─── DATA EXTRACT

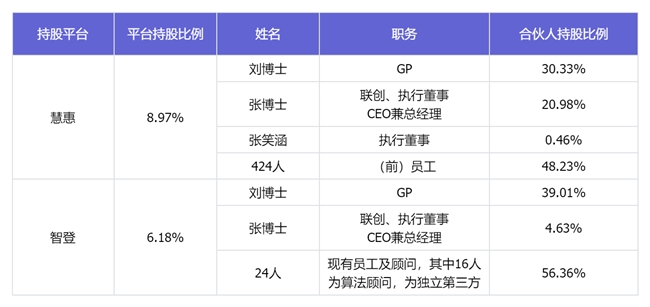 2021年,智谱搭建了员工持股平台慧惠及智登。前者承载核心员工的股权激励,后者则以算法顾问等独立三方为激励主体。刘德兵博士为二者GP,且与平台签署了一致行动人协议,控制并享有两个持股平台的股东权利。
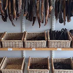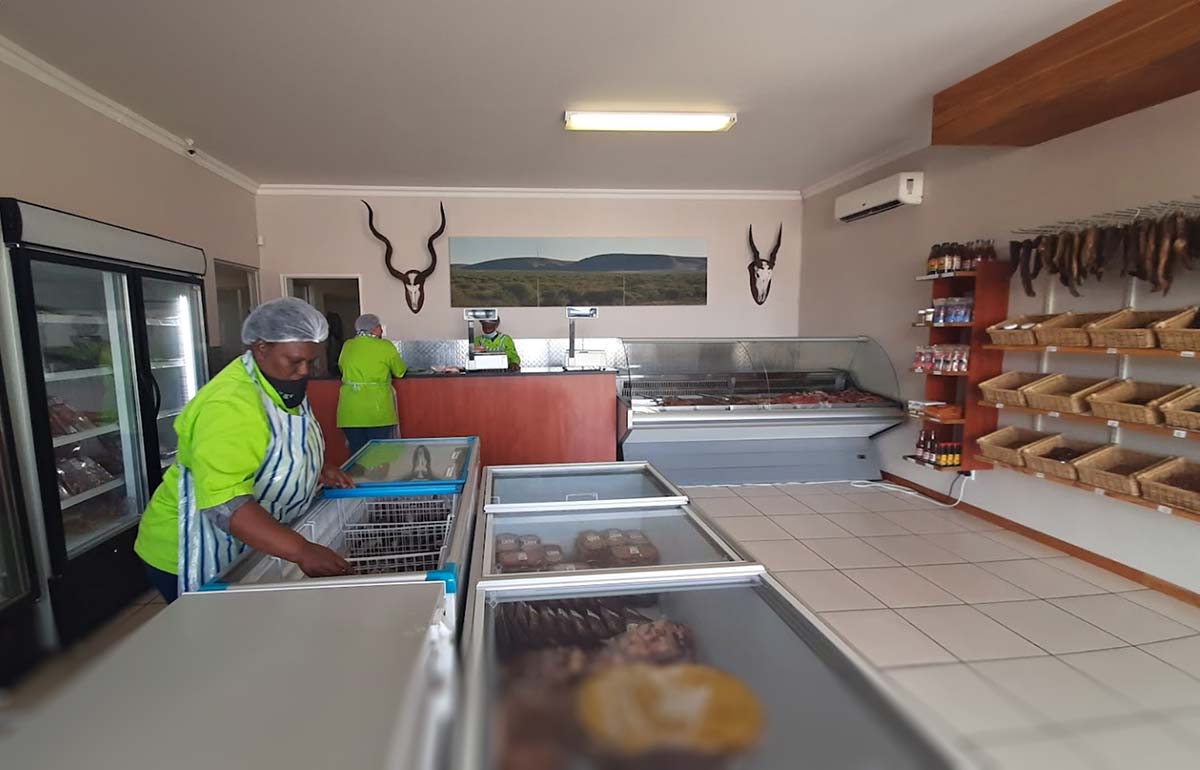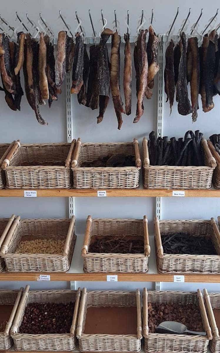 Ons bied ook slaghuisdienste aan, soos pasgemaakte snitte, ontbening en marinering. Dan is daar natuurlik ons gewilde Dorperland Biltong produkte, asook verskeie souse, speserye en ander bykomstighede. Kom loer gerus in!
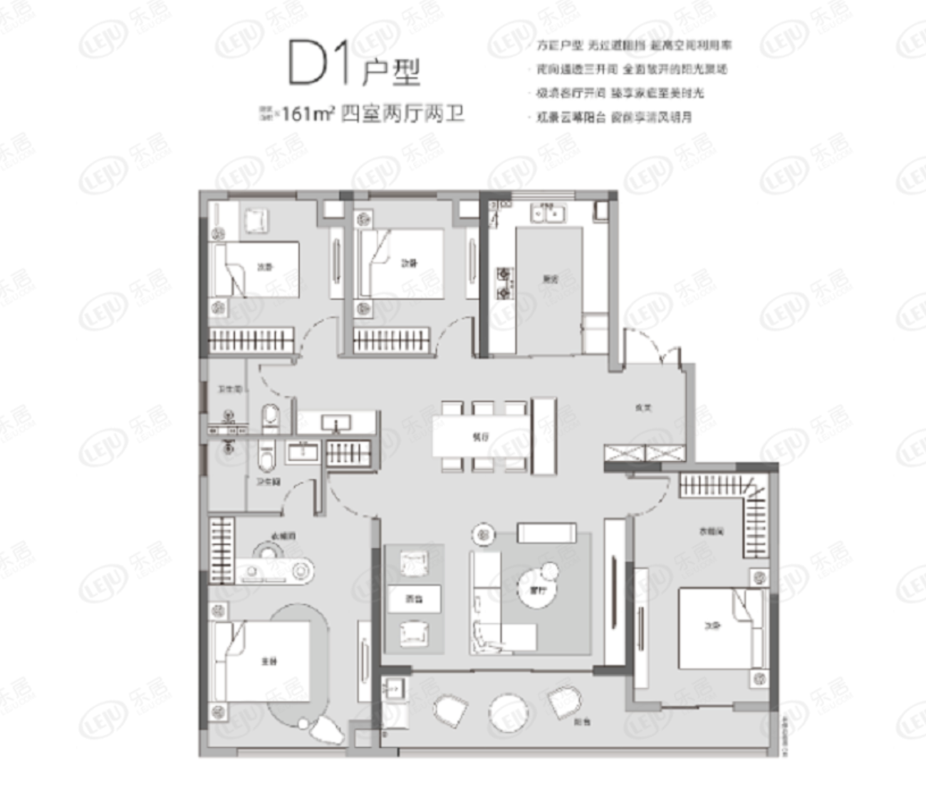 建面约161平米四房两厅两卫,方正户型,无过道阻挡,超高空间利用率;南向通透三开间,全面敞开的阳光聚场;极境客厅开间,臻享家庭至美时光;观景云慕阳台,窗前享清风明月。
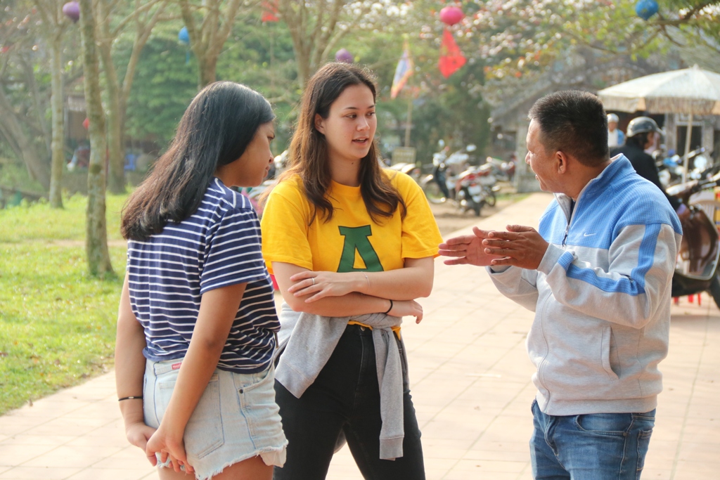 Khách Tây nghe giới thiệu về Cầu ngói Thanh Toàn trước khi đi tham quan

──────

### [PROBLEM REQUIREMENTS]
Print the listing exactly, minus its pictures.

### [COMPLETED EXERCISE]
 2021年,智谱搭建了员工持股平台慧惠及智登。前者承载核心员工的股权激励,后者则以算法顾问等独立三方为激励主体。刘德兵博士为二者GP,且与平台签署了一致行动人协议,控制并享有两个持股平台的股东权利。
 Ons bied ook slaghuisdienste aan, soos pasgemaakte snitte, ontbening en marinering. Dan is daar natuurlik ons gewilde Dorperland Biltong produkte, asook verskeie souse, speserye en ander bykomstighede. Kom loer gerus in!
 建面约161平米四房两厅两卫,方正户型,无过道阻挡,超高空间利用率;南向通透三开间,全面敞开的阳光聚场;极境客厅开间,臻享家庭至美时光;观景云慕阳台,窗前享清风明月。
 Khách Tây nghe giới thiệu về Cầu ngói Thanh Toàn trước khi đi tham quan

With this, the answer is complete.